Sitting upright, I wrapped my arms around Ember, pulling him to me as I kissed his cheek. "We'll miss you very much, but you don't have to worry about hurting us. We're big boys. We can handle it. And when you're back, the four of us will go on a trip to celebrate."

"That's a good idea," Micah said with a smile, and Kai nodded in agreement.

Ember glanced between us before relaxing in my arms, an amused look on his face. "It's too early for all this serious talk," he grumbled, making me laugh.

"Good communication makes a good relationship, so I'm happy to have serious talks whenever necessary," I declared. It was something I'd learned from my dads—from their wins and their mistakes—and I planned on making sure to follow that rule in my relationship. I didn't want to make a mistake like I did with Micah ever again, and if that meant having big conversations at nine in the morning, then so be it.

Forty-Two

Ember

Talking with the others made me feel better, and after a few minutes, we climbed out of bed. Only, now that the conversation was over and we weren't half covered beneath the sheets, I noticed something I hadn't before.

"Kai, is that…" I pointed to his chest, and he glanced down, eyes widening when he saw the four-pointed star on the center of his chest, all four points equally dark.

Cam and Micah had followed my gaze, and Cam grinned, then glanced at his own hip. "Oh! Mine's all colored in too!" Then he glanced at Micah, and even I could see the darker mark on his shoulder. "So is yours!"
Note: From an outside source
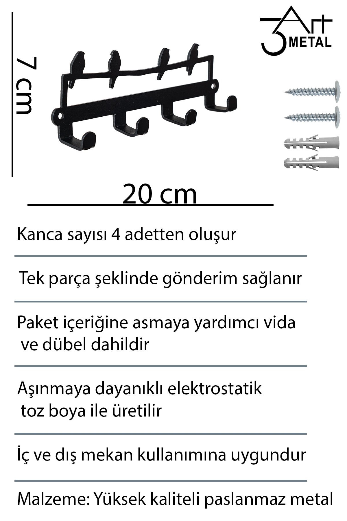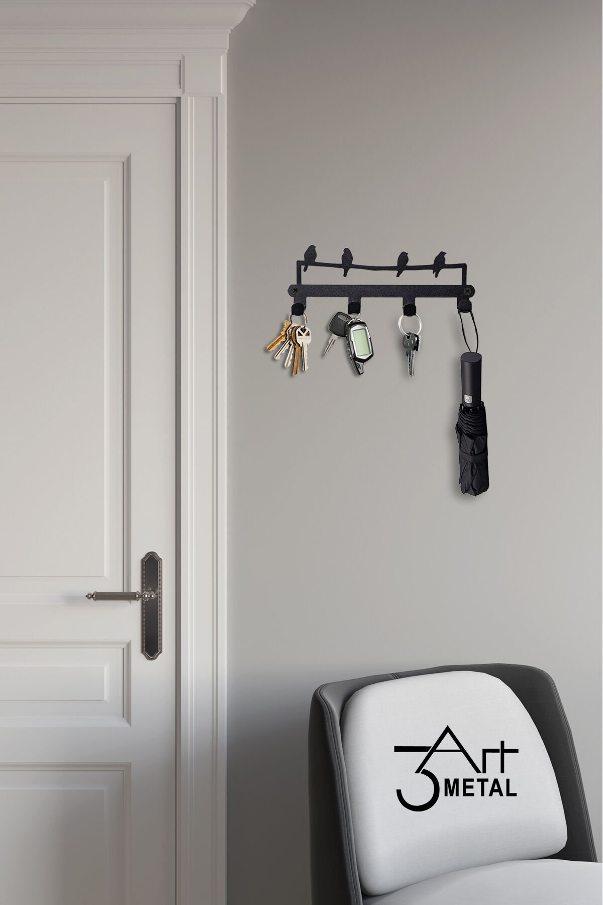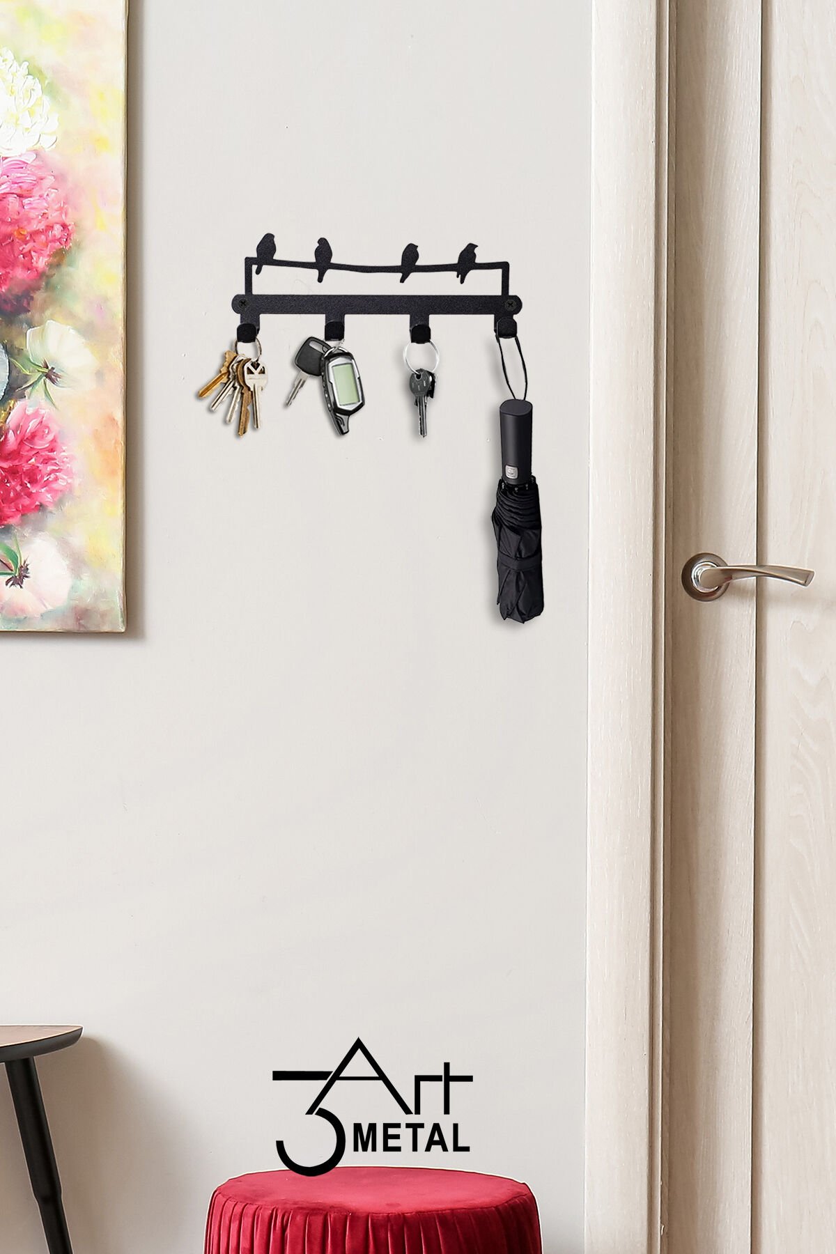 - Şık siyah rengiyle her banyoya modern bir dokunuş katan kuş motifli anahtar askısı, dekorasyonunuzu tamamlar.; - Siyah web renk seçeneği ile kolayca uyum sağlayarak mevcut banyo aksesuarlarınızla harmonik bir görünüm sunar.; - Pratik kullanım için tasarlanmış bu askı seti, anahtarlarınızı düzenli bir şekilde saklamanızı sağlar.; - Hem pratik hem de estetik bir çözüm olarak, banyonuzda fonksiyonel bir alan oluştururken aynı zamanda dekoratif bir unsur ekler.; - Yerli üretim olan bu ürün, kalite standartlarına uygun olarak üretilmiş olup yerel malzemelerle desteklenmiştir.; metal duvar askılığı, siyah askılık, banyo havlu askısı, çelik duvar askı, mutfak askılığı, kapı arkası askı, modern askılık, çanta askısı, lazer kesim askı, anahtarlık askılığı, dekoratif duvar askısı, mat siyah metal askılık, organizer askı

Then all eyes turned on me, and I glanced down at myself, smiling when I found a mirroring mark on my right thigh. Last night, I'd been too out of it to notice. Had it appeared when wehad sex? Or when Kai told us he loved us? I hadn't been awake by then, but the others hadn't realized either.

We shared a few kisses to celebrate the completion of our bond, but before it could go any further, I pulled away. We needed sustenance, so I slipped into my clothes from last night, and decided to make breakfast while the other three freshened up. I could shower once they were done.

While the bathroom in the master bedroom was big enough that all four of us could probably fit comfortably, we hadn't tried it yet. Maybe someday, I mused as I made my way downstairs after kissing my mates.

In the kitchen, I quickly whipped up a filling breakfast of fresh fruit, pancakes, scrambled eggs, and bacon.